Court rules again: it's time for bargaining to begin

TEU has won another significant legal decision against the five polytechnic employers who are refusing to negotiate site based collective agreements.

Last month a full bench of the Employment Court ruled that Northtec, Unitec, Wintec, Bay of Plenty Polytechnic and Whitireia were required to negotiate site based collective agreements in good faith according to TEU's initiation notices. After losing this decision, the employers decided they wanted it appealed and sought a stay that would allow them to refuse to begin bargaining until a decision had been made as to whether or not the appeal would be allowed by the Appeal Court. The Court of Appeal heard the case on Tuesday 17 May and we await the decision.

The Employment Court heard the application for a stay last week and ruled, yet again, in favour of TEU.

On behalf of the full Employment Court, Chief Judge Colgan said:

"To now stop the collective bargaining that the judgment permits, based on the union's bargaining initiations, would be to delay, perhaps significantly, the settlement of collective agreements. This would not accord with the statutory objectives of orderly bargaining and the prompt settlement of collective agreements."

Justice Colgan also strongly recommended that the employers cooperate with the TEU to begin the process of bargaining and to explain to staff the on-going litigation and its effects.

Also in Tertiary Update this week:

  1. Wintec management pockets student cash
  2. University of Auckland’s ranking at risk
  3. Opportunity the big tertiary education issue for the budget
  4. Other news

Wintec management pockets student cash

Wintec is making a profit at the expense of staff and students according to TEU national president Sandra Grey.

Wintec's recently released Annual Report for 2010 shows Wintec has nearly doubled its surplus from the previous year, from 1.4 million to 2.7 million. However, in doing so it has increased domestic student fees (per EFTS) from $2900 to $3700: a rise of 28 percent. It has also increased the student: staff ratio over the last two years from 17.8:1 to 19.0:1.

"Students at Wintec are paying much higher fees than they were in 2008 or 2009 but in return they have got bigger classes and staff with higher workloads."

Dr Grey says that given the workload pressure that staff at Wintec are facing it is interesting to read in the 2008 Wintec Annual Report that the percentage of staff working above their timetabled teaching hours (TTH or workload) target was not reported on because a baseline was yet to be established. Two years later, in this most recent report, Wintec has still not captured any data or set itself a performance target for the number of staff working above their timetabled teaching hours (TTH) or workload target.

"Wintec students will be worried that their institution's inability to engage with its own staff is making it harder for them to study. Massive increases in fees, larger class sizes and staff with no significant pay rises and growing workloads is a recipe that could harm the institution's brand," said Dr Grey.

University of Auckland’s ranking at risk

More than 300 academic staff at the University of Auckland, including over 90 professors and associate professors so far, have pledged not to submit their research portfolios to management as part of an on-going dispute over control of their academic working conditions.

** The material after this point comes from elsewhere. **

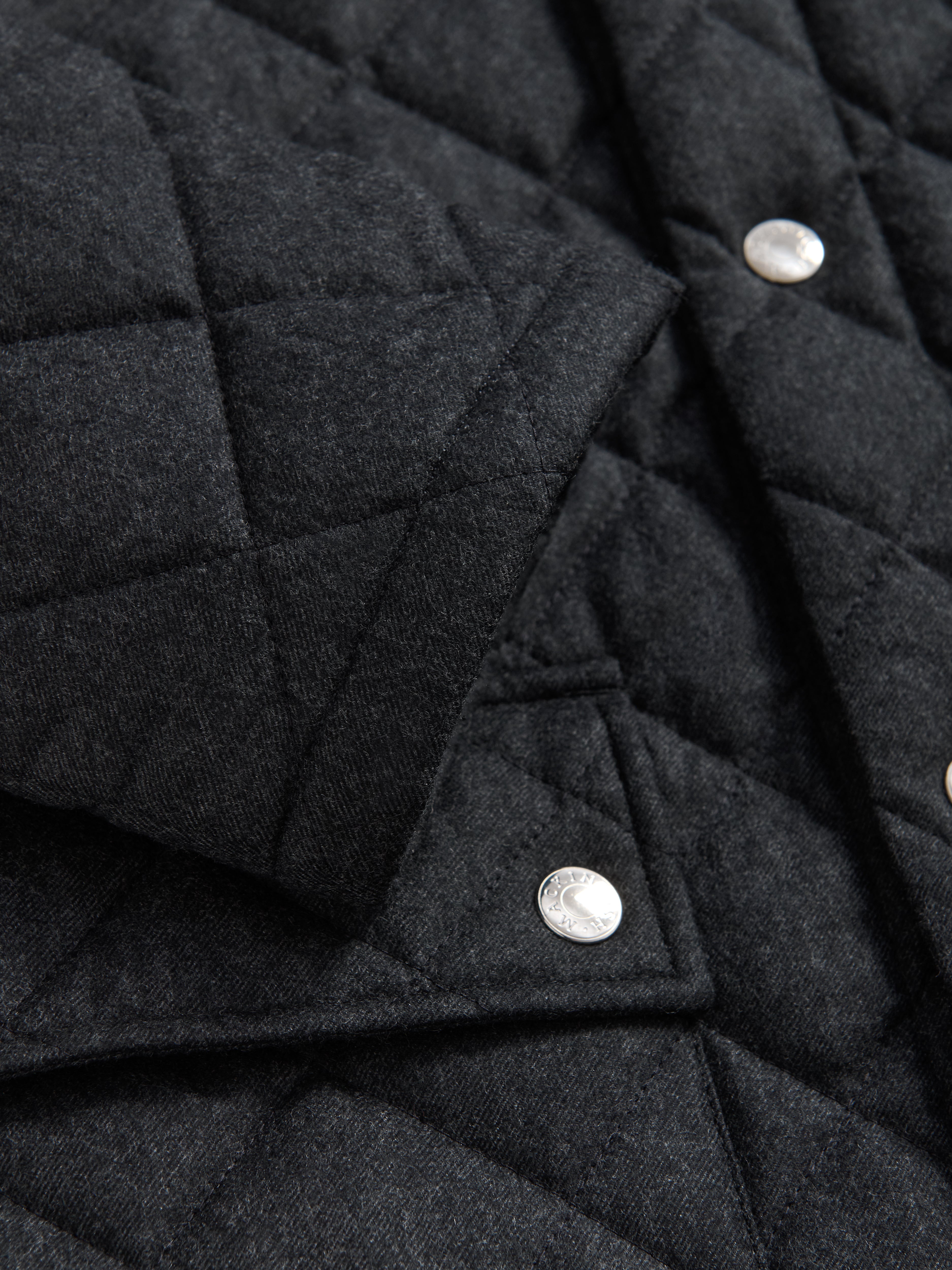 A versatile quilted jacket with Flap pockets, stand collar & button down placket detailing.

As a result, their portfolios will be excluded from national research funding (PBRF) calculations and the University of Auckland will slip in the research rankings, with a consequential loss of millions of dollars from the University’s budget.

In 2009 PBRF funding was worth $39 million to the university, or $24,000 per full-time academic.

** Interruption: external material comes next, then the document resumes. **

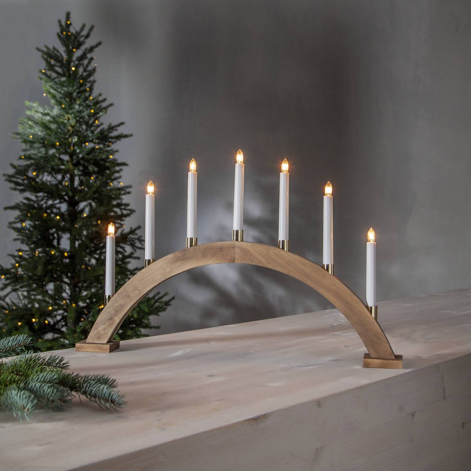 Bågformad träljusstake med mässingbelagda ljushållare. Fin adventsljusstake att dekorera med till jul. Ljusstaken har 7 stycken ljuskällor.

The PBRF protest is a further step in the on-going industrial action by academic staff at the university as they attempt to prevent the vice-chancellor from removing core academic conditions related to research and professional practice from their employment agreement.

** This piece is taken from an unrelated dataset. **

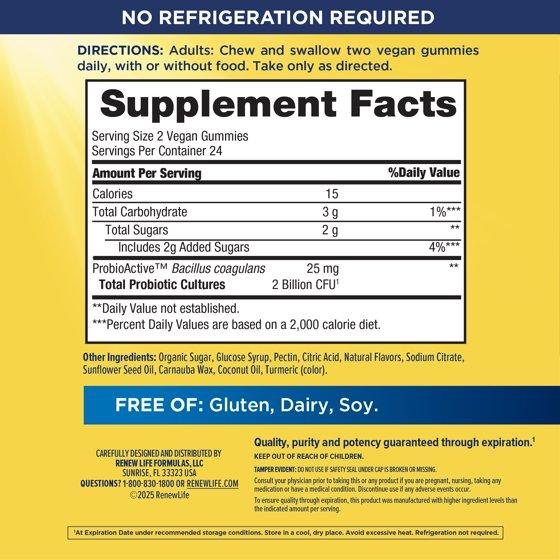 Renew Life Non GMO Gummy Probiotic for Digestive Health, Raspberry, Renew Life Extra Care Digestive probiotic gummies for adults is formulated with prebiotics and probiotics for 2-in-1 digestive health support. These delicious Raspberry Flavor probiotic gummies for women and men are made with clinically studied, multiple diverse strains to support an adult's digestive and immune health, with probiotic strains tough enough to survive stomach acid. Each serving provides 2 billion live probiotic cultures from 2 probiotic strains. 70% of your immune system lives in your gut, Renew Life Extra Care Digestive probiotics are formulated to support immune health in men and women. This vegan probiotic is Non-GMO Project Verified; gluten, dairy, and soy free, and no refrigeration is required. Multiple diverse strains, clinically tested probiotic strains, potency guaranteed through expiration. These statements have not been evaluated by the Food and Drug Administration. This product is not intended to diagnose, treat, cure, or prevent any disease.

TEU national secretary Sharn Riggs says staff regret having to take this action, but they have been forced to do so because the vice-chancellor is refusing to address their concerns.

To date, the staff's actions have included daily pickets outside the vice-chancellor's office, targeting of public events at the university, wearing of rosettes at graduation ceremonies, stop-work meetings, and a large public rally of students and staff. During the campaign TEU membership has continued to grow from about 800 academics at the university, to nearly 1000.

"Members strongly believe that by jeopardising the conditions that enable them to perform their professional responsibilities the vice-chancellor is threatening the credibility of the university," said Ms Riggs.

Opportunity the big tertiary education issue for the budget

The budget is due today and we already have a good sense of what it will mean for tertiary education. For most the big tertiary education issue in this year's budget will be whether it affords new opportunities for people to study or limits people's chances to study.  In recent weeks government pre-budget announcements have focused on the government's measures to limit access to student loans.

NZPA reported this week that the government intends to restrict living cost loans to people aged over 55 in tomorrow's budget, but that the Human Rights Commission's Equal Employment Opportunities Commissioner, Judy McGregor, is concerned such a policy would potentially be unlawful discrimination under the Human Rights Act.

The government also intends to focus on overseas student loan borrowers by cutting the three-year repayment holiday for borrowers who go overseas to one year, and using debt collectors in Australia and Britain to recall about $2.3 billion in student debt overseas.

Last week the minister of tertiary education Steven Joyce announced that today’s budget will provide up to $42 million for trades training for Canterbury, The funding would provide up to 1500 additional training places "as part of a comprehensive response to meet additional demand for labour for the earthquake reconstruction programme."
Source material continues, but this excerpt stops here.